Outside, heart hammering, he halted, and in the gloomy dusk of late afternoon scanned the L-shaped colonnaded terrace walk that led from the West Wing offices, past the indoor swimming pool, to the ground-floor entrance into the White House proper. He did not see them at first, and then, at once, he did, as they emerged from behind a white pillar. They were close together as they moved ahead, first President Dilman, then the new young fellow, Agent Ross, a short man, shorter than the President, a half stride behind.

The scene was peaceful and serene, the activity as familiar and routine as every five-thirty stroll he himself had enacted with Dilman in the last two months. Nothing unusual, nothing unexpected, nothing sudden.

False alarm, thank God, Beggs reassured himself, sagging with relief. His pleasure was mitigated only by the anger he had hoarded against that bitch of a colored girl, who had put him through a quarter of an hour of hell simply to be rid of him.

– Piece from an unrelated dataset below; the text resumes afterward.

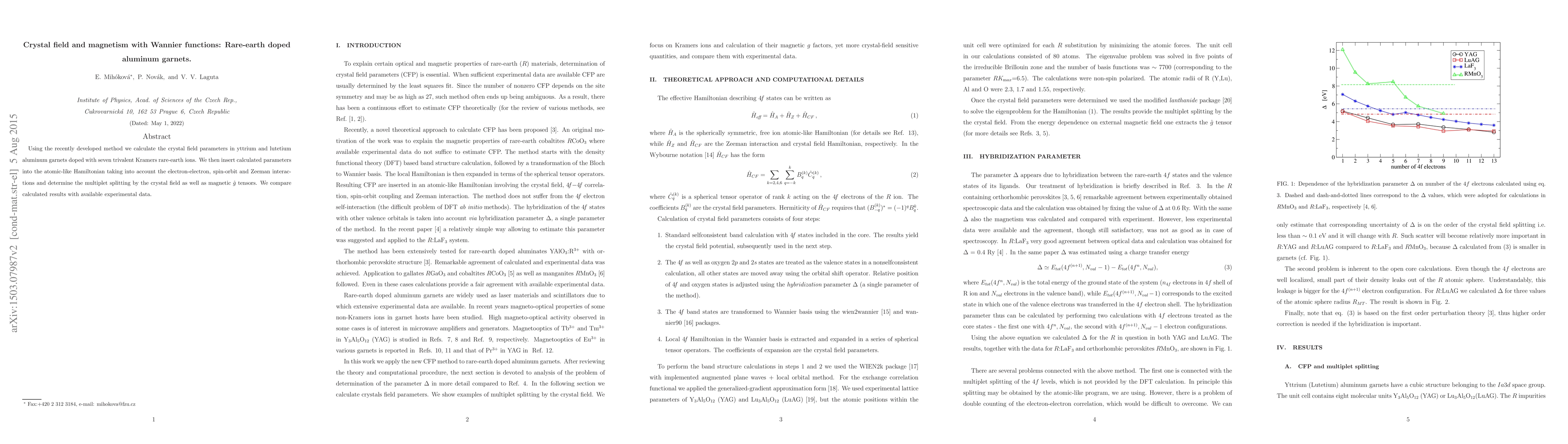 This paper calculates crystal field parameters in rare-earth doped aluminum garnets using Wannier functions and determines multiplet splitting and magnetic tensors, comparing these results with experimental data. The focus is on understanding magnetism and crystal field effects in these materials.

About to turn back into the office, he saw that the President had stopped to point out something concerning the barren hedges that separated the cement walk from the historic garden.

Automatically Otto Beggs’s trained eyes examined the leafless hedges, then lifted to inspect the White House Rotunda and Truman Balcony across the way, then lowered to study the bushy Andrew Jackson magnolia tree, then casually took in the depleted flower beds, the group of empty metal patio chairs around the outdoor table, the busy gardener in olive-drab overalls on his knees digging a hole with his trowel for a new plant, the rectangle of the Rose Garden itself off to the right, the-and then it came to him-the unusual and unexpected.

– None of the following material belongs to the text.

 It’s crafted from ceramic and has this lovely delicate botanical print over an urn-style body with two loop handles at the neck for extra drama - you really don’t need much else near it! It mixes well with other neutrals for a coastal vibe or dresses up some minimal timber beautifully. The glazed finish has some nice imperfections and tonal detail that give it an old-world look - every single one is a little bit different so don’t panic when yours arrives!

Beggs’s neck stiffened. His gaze shifted back to the gardener, the gardener in olive-drab overalls, their color almost blending him and losing him against the magnolia tree. The gardener straightened, stood up, rubbing his back, then reached down to pick up his plant, and slowly began working his way from the magnolia tree, unobtrusively, diagonally, across the carpet of lawn toward the spot where the President and Ross still stood, absorbed in their horticultural conversation.

As if propelled by instinct, Beggs stealthily moved to his left across the cement walk, toward the corner turn, toward the ramp leading down to where the President and Ross were talking. Beggs’s narrowed eyes never left the gardener. From eighty feet, he could not make out the laborer clearly, except to see that he was a squat, husky Negro carrying a plant, to all outward appearances absorbed in his work, going toward the chrysanthemum bed and naked hedges and white colonnades.

An innocent and customary pastoral scene, a prosaic scene to be observed daily from his post outside the President’s office, the gardeners, their plants, their tools, something that went on in the daylight and sun of repeated mornings and afternoons. But-Beggs’s mind wondered, as he moved: oddity one, an unfamiliar Negro gardener, he could not remember a Negro, the opposite in build of this husky person, yet Dilman, being Negro, could certainly have hired another recently; oddity two, a gardener at work in the dusk, scant minutes before night, a gardener alone when all the regulars had gone home, a gardener planting at an hour when planting was never done, impossible.